**INPUT:**
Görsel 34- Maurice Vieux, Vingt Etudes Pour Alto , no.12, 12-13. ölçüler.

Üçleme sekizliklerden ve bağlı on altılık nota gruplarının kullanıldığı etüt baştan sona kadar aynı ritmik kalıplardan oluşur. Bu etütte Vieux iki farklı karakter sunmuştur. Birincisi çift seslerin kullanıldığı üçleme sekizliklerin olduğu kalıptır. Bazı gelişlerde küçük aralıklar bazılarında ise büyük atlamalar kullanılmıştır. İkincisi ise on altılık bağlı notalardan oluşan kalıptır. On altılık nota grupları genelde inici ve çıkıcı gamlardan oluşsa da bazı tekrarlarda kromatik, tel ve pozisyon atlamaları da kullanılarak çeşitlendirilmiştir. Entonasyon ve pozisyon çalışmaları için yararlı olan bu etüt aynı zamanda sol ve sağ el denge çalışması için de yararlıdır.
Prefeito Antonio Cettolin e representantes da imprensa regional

* * *

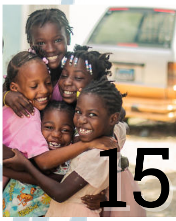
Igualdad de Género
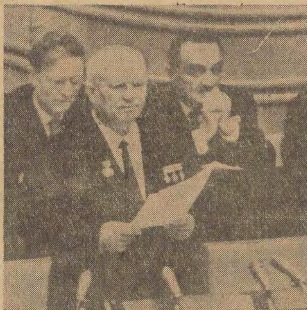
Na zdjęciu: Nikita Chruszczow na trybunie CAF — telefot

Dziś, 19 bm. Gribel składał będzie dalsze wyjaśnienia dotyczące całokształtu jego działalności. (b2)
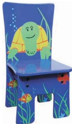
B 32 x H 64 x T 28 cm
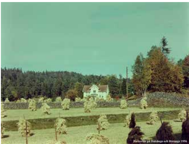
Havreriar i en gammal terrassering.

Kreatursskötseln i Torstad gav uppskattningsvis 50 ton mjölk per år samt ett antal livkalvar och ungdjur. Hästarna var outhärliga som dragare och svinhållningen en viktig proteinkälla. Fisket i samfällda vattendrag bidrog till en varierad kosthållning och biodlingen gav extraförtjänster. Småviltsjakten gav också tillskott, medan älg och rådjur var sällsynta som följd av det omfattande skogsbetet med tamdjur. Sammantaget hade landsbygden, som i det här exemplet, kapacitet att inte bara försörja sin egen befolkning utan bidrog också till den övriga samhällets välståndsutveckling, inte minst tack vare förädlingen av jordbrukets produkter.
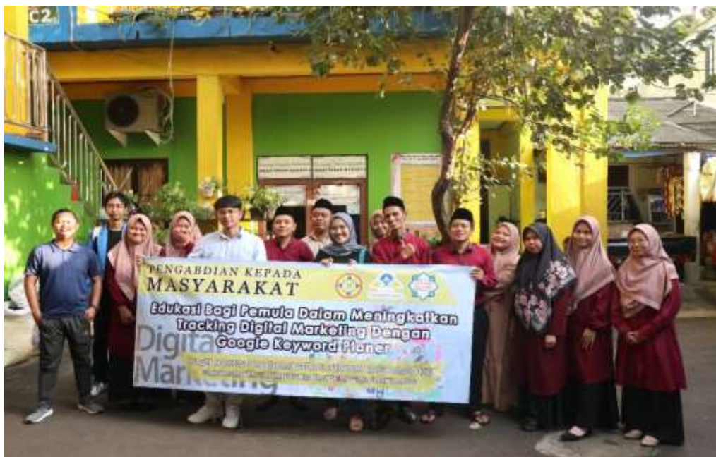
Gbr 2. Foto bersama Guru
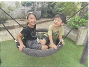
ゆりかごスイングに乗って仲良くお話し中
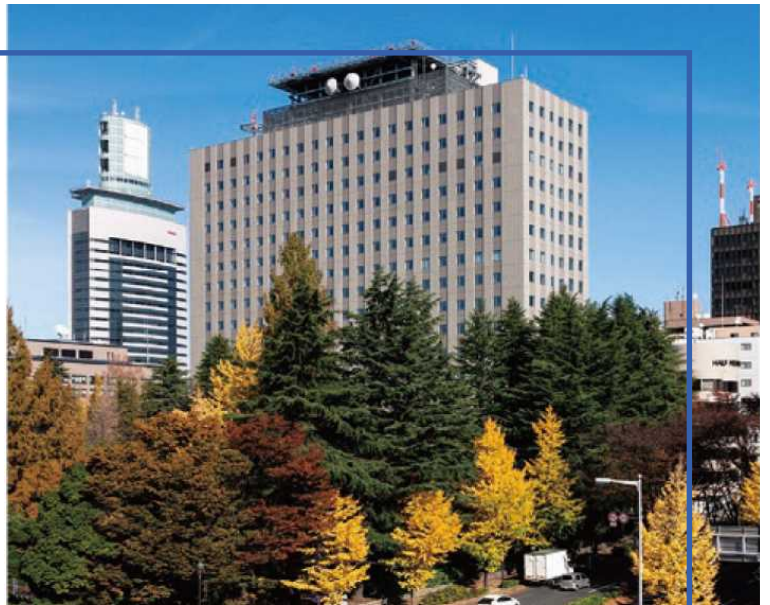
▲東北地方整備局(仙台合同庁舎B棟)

* * *

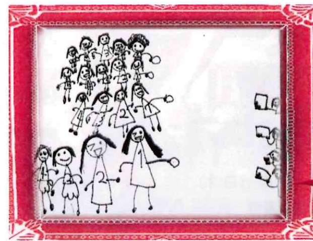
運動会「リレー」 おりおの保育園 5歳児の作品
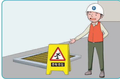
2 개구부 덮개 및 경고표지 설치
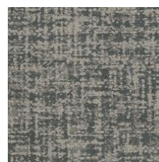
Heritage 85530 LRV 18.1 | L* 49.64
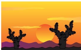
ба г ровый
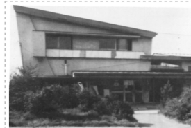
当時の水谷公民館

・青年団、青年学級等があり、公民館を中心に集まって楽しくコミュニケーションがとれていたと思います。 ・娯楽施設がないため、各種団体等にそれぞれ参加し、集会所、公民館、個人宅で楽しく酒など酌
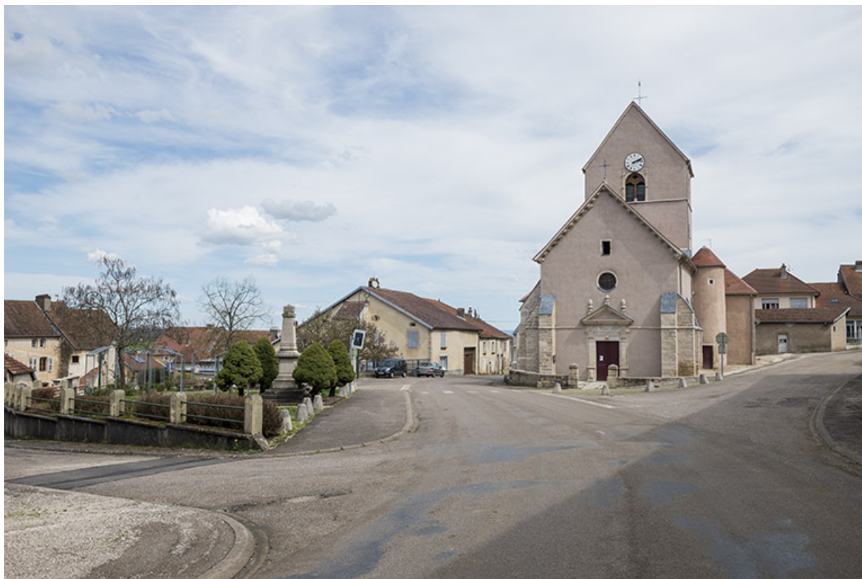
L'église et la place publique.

**PROBLEM DESCRIPTION:** Would you copy the lines above exactly, starting with the one that has "Na zdjęciu: Nikita" and ending with the one that has "Havreriar i en gammal terrassering.", both included, without the pictures?

**OUTPUT FOR THIS EXERCISE:**
Na zdjęciu: Nikita Chruszczow na trybunie CAF — telefot

Dziś, 19 bm. Gribel składał będzie dalsze wyjaśnienia dotyczące całokształtu jego działalności. (b2)
B 32 x H 64 x T 28 cm
Havreriar i en gammal terrassering.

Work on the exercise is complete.